Additionally, by tracing a substance known as SCH23390, the researchers could see how the chemical stopped the tea mixture from working as an antidepressant in the brains of C57BL/6J mice but not in the brains of BALB/c mice. 

“’These results suggest that matcha tea powder exerts an antidepressant-like effect by activating the dopaminergic system of the brain, and this is influenced by the mental state of the individual,”  said Yuki Kurauchi, a biochemist who led the research.

Matcha tea is made from powdered green tea leaves. It has been the centerpiece of Japanese tea ceremonies for centuries. Anecdotally, the tea has long been touted for its possible positive effects on the brain but there has been scant evidence to back up those claims.

One older study associated a higher consumption of the traditional tea with a lower prevalence of cognitive impairment in seniors, while another investigation documented the beverage’s antidepressant effects along with a reduction of stress hormones in humans.

The Japanese researchers said their latest study adds to the body of proof that matcha tea helps fights depression. But what works in mice all too often doesn’t work in humans. More trials are needed, especially with human subjects, to understand the drink’s effects on the brain.

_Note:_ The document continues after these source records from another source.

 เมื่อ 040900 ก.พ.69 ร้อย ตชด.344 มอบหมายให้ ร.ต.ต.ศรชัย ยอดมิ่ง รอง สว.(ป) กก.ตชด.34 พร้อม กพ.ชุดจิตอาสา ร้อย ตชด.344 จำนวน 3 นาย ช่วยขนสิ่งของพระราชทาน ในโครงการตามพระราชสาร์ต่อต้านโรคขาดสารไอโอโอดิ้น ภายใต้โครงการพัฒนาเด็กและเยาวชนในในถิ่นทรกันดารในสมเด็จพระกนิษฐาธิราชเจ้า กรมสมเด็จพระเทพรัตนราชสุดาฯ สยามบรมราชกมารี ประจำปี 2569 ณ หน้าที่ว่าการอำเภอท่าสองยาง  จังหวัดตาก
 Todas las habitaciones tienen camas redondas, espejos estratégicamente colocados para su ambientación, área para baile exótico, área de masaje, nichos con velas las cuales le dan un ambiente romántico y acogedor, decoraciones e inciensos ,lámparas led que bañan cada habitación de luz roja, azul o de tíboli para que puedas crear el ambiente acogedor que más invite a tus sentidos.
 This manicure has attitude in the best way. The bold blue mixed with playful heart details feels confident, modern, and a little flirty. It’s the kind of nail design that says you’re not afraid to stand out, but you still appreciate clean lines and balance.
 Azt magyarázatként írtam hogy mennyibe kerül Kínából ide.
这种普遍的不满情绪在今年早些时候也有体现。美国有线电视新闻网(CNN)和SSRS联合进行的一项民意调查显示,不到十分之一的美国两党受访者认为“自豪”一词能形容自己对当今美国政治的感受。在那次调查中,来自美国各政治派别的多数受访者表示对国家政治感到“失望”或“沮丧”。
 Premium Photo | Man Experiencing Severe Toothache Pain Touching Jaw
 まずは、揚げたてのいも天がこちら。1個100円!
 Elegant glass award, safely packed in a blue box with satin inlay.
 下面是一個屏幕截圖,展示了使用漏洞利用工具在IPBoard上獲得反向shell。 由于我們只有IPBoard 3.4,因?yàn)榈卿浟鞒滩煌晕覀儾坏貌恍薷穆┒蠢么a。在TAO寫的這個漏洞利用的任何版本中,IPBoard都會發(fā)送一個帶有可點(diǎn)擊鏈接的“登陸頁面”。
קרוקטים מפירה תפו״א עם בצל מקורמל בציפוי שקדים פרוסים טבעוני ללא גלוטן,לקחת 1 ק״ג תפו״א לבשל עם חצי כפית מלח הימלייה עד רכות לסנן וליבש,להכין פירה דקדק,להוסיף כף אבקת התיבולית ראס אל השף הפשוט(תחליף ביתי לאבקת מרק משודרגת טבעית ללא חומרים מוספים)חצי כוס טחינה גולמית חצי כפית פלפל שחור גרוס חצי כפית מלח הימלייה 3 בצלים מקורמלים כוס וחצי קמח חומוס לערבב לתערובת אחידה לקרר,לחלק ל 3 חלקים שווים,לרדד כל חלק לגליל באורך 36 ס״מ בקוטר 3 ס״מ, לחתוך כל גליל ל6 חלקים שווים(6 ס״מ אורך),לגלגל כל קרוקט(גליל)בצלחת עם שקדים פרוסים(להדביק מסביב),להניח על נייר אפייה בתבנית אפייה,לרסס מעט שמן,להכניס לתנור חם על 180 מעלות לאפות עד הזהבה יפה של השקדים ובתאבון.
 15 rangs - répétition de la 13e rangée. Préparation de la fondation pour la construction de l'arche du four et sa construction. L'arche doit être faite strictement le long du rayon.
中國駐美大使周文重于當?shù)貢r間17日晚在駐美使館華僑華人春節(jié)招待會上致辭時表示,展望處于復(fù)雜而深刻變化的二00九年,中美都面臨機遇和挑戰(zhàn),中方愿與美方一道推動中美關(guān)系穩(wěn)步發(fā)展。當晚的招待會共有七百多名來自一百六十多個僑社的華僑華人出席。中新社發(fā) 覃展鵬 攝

Depression is listed as the most prevalent mental disorder in the world by the World Health Organization. More than than 21 million Americans live with the disorder. Various antidepressants counteract the effect of low dopamine, but these often serve up troublesome side effects, the researchers pointed out. In the search for safer, natural alternatives to these medicines, various natural products and plant extracts such as matcha should be studied as potential antidepressant additives or alternatives, they said.